Frequently Asked Questions
- What is SOCaaP Sensor?
- Which Services are Running on SOCaaP Sensor?
- Which configurations must be done at first install?
- Which Network Interfaces are Active on a Hardware Sensor?
- Which Rule-set do IDS Services Use?
- What is the Log Forward Feature?
- Which External IPs or Domains does SOCaaP Sensor Need to Access?
What is SOCaaP Sensor?
SOCaaP Sensor is a passive network sensor
image which is used to collect and analyze network traffic for the purpose of
identifying suspicious events. Hence, SOCaaP Sensor is distributed as an ISO
image, it can be easily installed on both physical server devices and any
virtualization environment. The sensor has inbuilt PF_RING support as packet
capture accelerator in order to increase packet capture performance and
decrease packet loss.
The primary purpose of the SOCaaP Sensor is
to collect raw network traffic via mirror port configuration, or using hub or
tap devices. Our sensor combines signature and heuristics based IDS, which
provides a strong mechanism for SOC teams to run network analysis and security
monitoring. SOCaaP Sensor also provides a log forwarder service to collect
supported third-party network device logs, normalize them and forward to our
SOCaaP NDR servers using our common event model.
SOCaaP Sensor provides external threat
intelligence integration capability. Additionally, it has Valkyrie integration
for advanced extracted file analysis.
SOCaaP Sensor also provides passive OS and
service fingerprinting. All the collected information about the network is sent
to SOCaaP servers to be presented to users over SOCaaP portal. SOCaaP Sensor
tuning and maintenance operations such as managing new signatures, tuning the
signature sets to keep event volume at acceptable levels, minimizing
false-positives, and maintaining up/down health status of sensors and managing
data feeds are performed regularly by Xcitium SOC team.
Which Services are Running on SOCaaP Sensor?

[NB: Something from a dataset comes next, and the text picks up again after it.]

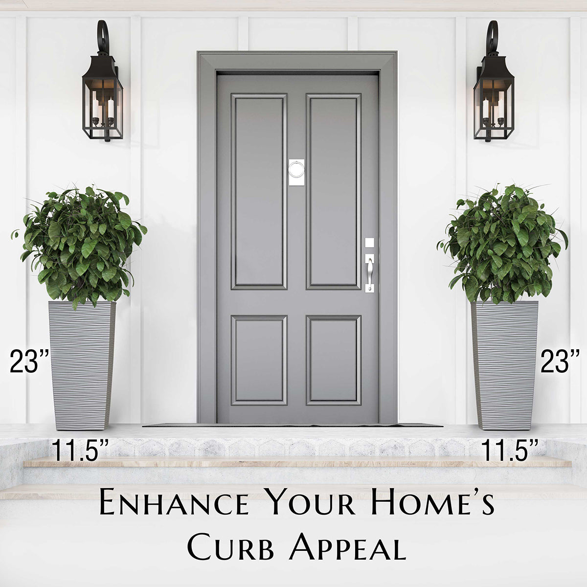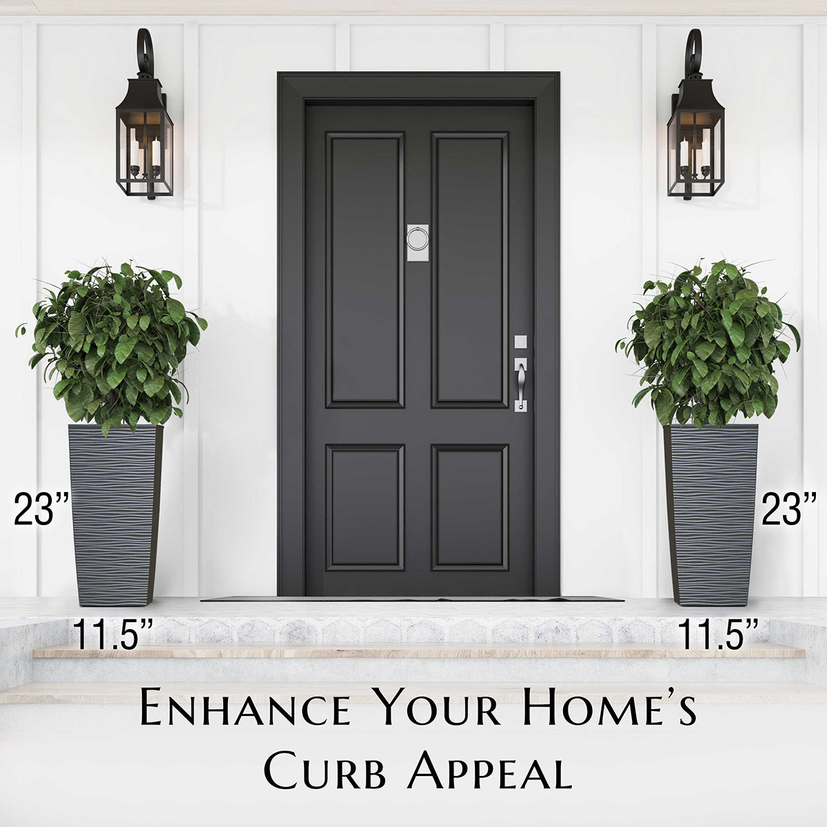 Black front door with planters on either side on a white wall background. Showing the size of the planters.
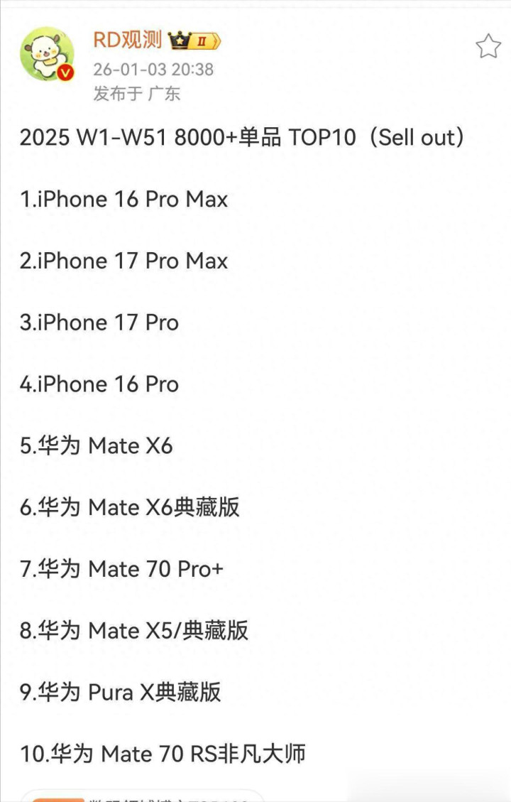 2026年1月3日消息,根据第三方数据机构RD观测的数据中国股票配资网网站,截止W51,国内智能手机市场8000+ 超高端档位销量(sell out)TOP10机型出炉,苹果和华为霸榜。

In addition to the default CentOS 7
services, there's also PF_RING support for BRO IDS and Suricata IDS. There are
also custom Xcitium services for integration, management and updates.
The following table shows open ports and related programs and whether or not the sensor firewall blocks the connection:
Port |
Program |
Firewall Blocking Status |
22 |
sshd |
Allowed |
68 |
dhclient |
Allowed |
80 |
httpd |
Allowed |
514 |
rsyslogd |
Allowed |
Which configurations must be
done at first install?
It is essential to set IP Address, Gateway
and Network Token as the first step of installing SOCaaP sensor.
Which Network Interfaces are
Active on a Hardware Sensor?
“eth0” interface is active and being used for management and communication to SOCaaP Servers.
“eth1” interface is responsible for
listening network traffic coming from mirror interface. Therefore it works on
promiscuous mode.
Which Rule-set do IDS Services
Use?
IDS services are using mainly Emerging
Threats Pro Ruleset which are customized and improved by Xcitium SOCaaP team.
What is the Log Forward
Feature?
In addition to collecting information about
network security, SOCaaP sensor also collects and forwards logs from other
products in the network.
Which External IPs or Domains does SOCaaP Sensor Need to Access?
For
remote management:
Domain: sensor.mssp.Xcitium.com
Address: 35.169.33.2
For rule update:
Domain: rules.emergingthreatspro.com
Address: 204.12.217.18, 96.43.137.98
For Amazon Kinesis:
Domain: kinesis.us-east-1.amazonaws.com
Address: 52.119.196.103
Domain: monitoring.us-east-1.amazonaws.com
Address: 52.94.238.171
Domain: firehose.us-east-1.amazonaws.com
Address: Dynamic Amazon load balancing
DNS address:
Default DNS is set as 8.8.8.8. If the customer wants to use this dns, it should to be allowed. If the customer wants to use their own DNS, that should be allowed only after we are sure that the hosts above are resolved correctly by that DNS.